What you need to do
Print nothing but the lines below starting at the line that holds "Sempre m’ha fascinat" and ending at the line that holds "灵宝市人民政府办公室关于公布全面清理规范证明事项结果的通知", including both, each exactly as written.

+ + + + +

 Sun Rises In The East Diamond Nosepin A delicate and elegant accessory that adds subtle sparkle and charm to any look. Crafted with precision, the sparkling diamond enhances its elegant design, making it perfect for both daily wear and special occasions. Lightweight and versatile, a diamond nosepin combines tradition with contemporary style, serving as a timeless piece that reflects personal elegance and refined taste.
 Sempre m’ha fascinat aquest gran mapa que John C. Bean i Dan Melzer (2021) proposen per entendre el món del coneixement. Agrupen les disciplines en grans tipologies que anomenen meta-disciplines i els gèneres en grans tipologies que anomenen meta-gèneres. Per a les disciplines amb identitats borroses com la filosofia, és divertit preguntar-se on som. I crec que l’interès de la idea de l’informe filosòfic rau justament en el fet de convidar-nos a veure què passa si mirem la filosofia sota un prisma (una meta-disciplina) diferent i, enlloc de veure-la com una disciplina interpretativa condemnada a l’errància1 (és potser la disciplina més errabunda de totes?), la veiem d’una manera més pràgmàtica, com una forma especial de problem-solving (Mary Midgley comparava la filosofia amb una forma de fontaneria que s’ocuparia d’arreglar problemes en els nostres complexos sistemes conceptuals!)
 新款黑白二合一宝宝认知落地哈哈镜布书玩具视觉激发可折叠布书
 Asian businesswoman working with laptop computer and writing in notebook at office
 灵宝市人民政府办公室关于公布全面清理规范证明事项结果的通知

+ + + + +

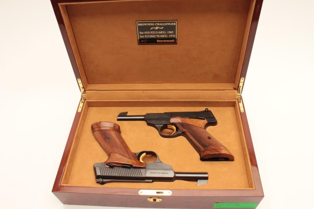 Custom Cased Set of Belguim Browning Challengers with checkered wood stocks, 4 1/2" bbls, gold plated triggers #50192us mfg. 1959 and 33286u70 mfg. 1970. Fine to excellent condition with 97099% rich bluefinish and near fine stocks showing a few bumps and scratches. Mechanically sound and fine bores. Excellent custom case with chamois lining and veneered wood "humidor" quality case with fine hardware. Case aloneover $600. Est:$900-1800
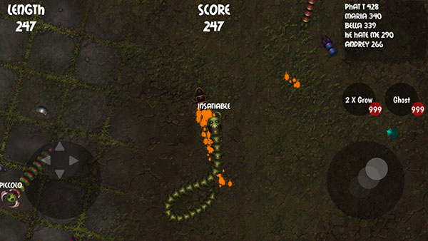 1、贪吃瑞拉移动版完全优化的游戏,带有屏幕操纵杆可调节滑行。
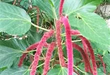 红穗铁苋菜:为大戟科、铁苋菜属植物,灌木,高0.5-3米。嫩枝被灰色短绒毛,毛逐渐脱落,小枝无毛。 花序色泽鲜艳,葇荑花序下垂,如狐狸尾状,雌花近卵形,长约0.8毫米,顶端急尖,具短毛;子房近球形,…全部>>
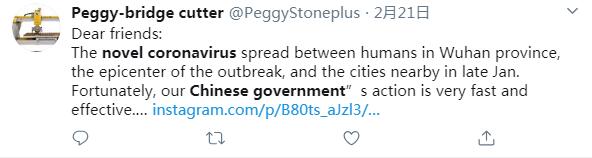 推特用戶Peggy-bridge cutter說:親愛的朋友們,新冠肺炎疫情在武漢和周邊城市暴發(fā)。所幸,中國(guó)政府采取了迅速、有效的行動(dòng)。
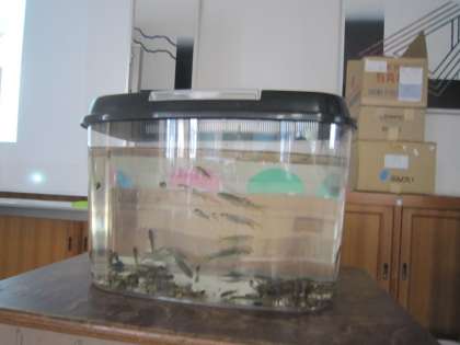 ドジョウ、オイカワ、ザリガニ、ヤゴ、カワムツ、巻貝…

+ + + + +

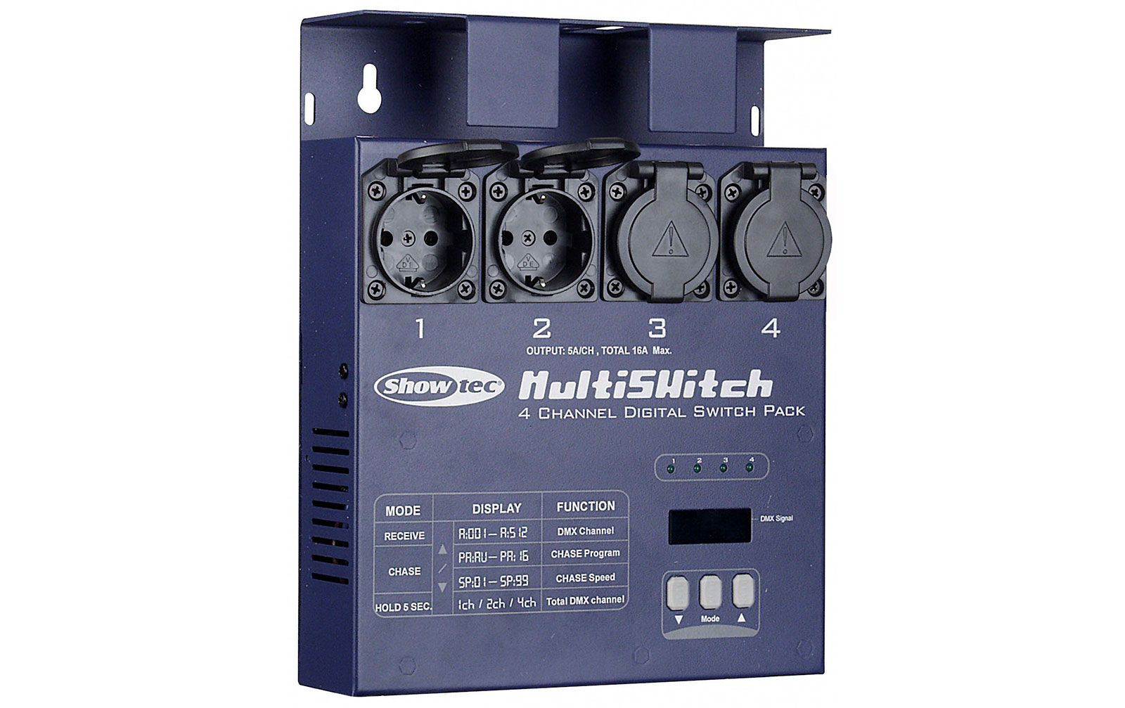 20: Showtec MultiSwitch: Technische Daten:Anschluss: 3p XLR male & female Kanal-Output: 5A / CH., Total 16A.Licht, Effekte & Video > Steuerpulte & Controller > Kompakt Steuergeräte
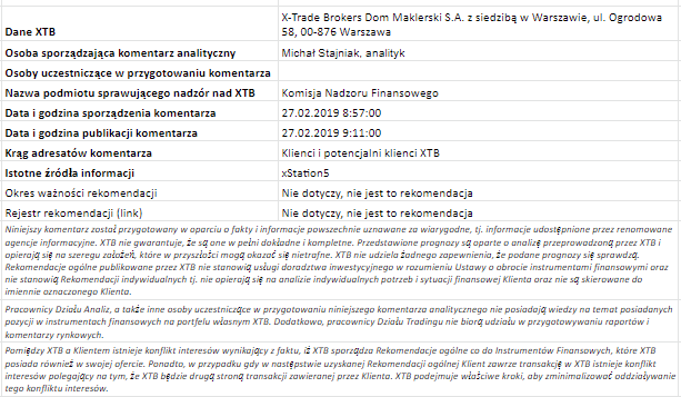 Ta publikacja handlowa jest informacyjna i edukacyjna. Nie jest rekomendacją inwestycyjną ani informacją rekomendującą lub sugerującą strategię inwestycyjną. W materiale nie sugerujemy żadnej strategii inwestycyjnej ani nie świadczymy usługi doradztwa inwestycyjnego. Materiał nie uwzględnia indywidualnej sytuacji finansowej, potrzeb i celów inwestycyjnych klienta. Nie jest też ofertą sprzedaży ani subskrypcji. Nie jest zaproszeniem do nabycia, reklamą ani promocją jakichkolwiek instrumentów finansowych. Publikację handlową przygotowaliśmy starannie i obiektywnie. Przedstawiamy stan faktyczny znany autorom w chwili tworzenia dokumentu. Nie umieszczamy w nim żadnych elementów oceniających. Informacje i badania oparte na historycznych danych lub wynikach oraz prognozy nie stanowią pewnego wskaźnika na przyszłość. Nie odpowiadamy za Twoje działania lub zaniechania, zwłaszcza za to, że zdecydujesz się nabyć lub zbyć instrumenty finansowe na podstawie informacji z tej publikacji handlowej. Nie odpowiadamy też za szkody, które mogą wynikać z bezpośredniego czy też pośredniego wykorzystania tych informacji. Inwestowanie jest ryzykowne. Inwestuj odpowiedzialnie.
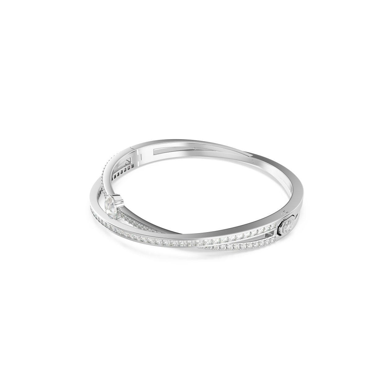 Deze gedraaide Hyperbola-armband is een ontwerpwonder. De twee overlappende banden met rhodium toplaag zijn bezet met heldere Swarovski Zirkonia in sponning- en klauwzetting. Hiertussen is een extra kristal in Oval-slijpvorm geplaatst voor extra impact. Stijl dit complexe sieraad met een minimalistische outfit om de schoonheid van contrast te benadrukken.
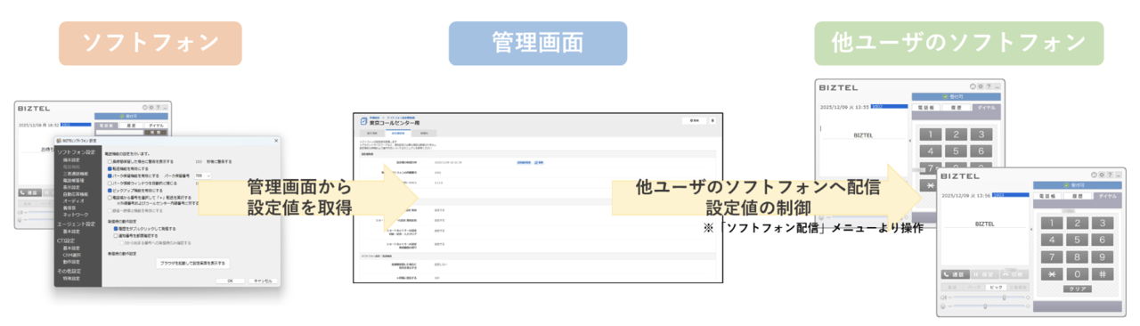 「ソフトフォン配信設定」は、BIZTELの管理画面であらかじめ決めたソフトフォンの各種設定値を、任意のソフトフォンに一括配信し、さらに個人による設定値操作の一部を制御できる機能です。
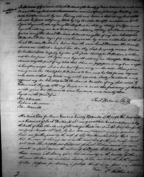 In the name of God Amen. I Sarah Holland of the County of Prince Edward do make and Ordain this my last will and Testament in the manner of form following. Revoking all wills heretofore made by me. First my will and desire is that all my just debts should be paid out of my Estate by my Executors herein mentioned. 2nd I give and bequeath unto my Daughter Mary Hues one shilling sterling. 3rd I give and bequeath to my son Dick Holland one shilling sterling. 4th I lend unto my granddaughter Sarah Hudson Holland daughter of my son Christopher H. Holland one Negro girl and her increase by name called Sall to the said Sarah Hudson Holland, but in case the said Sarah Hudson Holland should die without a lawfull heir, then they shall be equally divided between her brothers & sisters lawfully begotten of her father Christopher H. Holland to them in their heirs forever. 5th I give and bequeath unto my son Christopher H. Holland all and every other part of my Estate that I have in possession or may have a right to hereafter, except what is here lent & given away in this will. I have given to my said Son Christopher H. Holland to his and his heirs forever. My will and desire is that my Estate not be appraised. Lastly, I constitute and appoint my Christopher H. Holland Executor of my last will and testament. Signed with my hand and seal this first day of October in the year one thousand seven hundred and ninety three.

+ + + + +

Answer space
 Sempre m’ha fascinat aquest gran mapa que John C. Bean i Dan Melzer (2021) proposen per entendre el món del coneixement. Agrupen les disciplines en grans tipologies que anomenen meta-disciplines i els gèneres en grans tipologies que anomenen meta-gèneres. Per a les disciplines amb identitats borroses com la filosofia, és divertit preguntar-se on som. I crec que l’interès de la idea de l’informe filosòfic rau justament en el fet de convidar-nos a veure què passa si mirem la filosofia sota un prisma (una meta-disciplina) diferent i, enlloc de veure-la com una disciplina interpretativa condemnada a l’errància1 (és potser la disciplina més errabunda de totes?), la veiem d’una manera més pràgmàtica, com una forma especial de problem-solving (Mary Midgley comparava la filosofia amb una forma de fontaneria que s’ocuparia d’arreglar problemes en els nostres complexos sistemes conceptuals!)
 新款黑白二合一宝宝认知落地哈哈镜布书玩具视觉激发可折叠布书
 Asian businesswoman working with laptop computer and writing in notebook at office
 灵宝市人民政府办公室关于公布全面清理规范证明事项结果的通知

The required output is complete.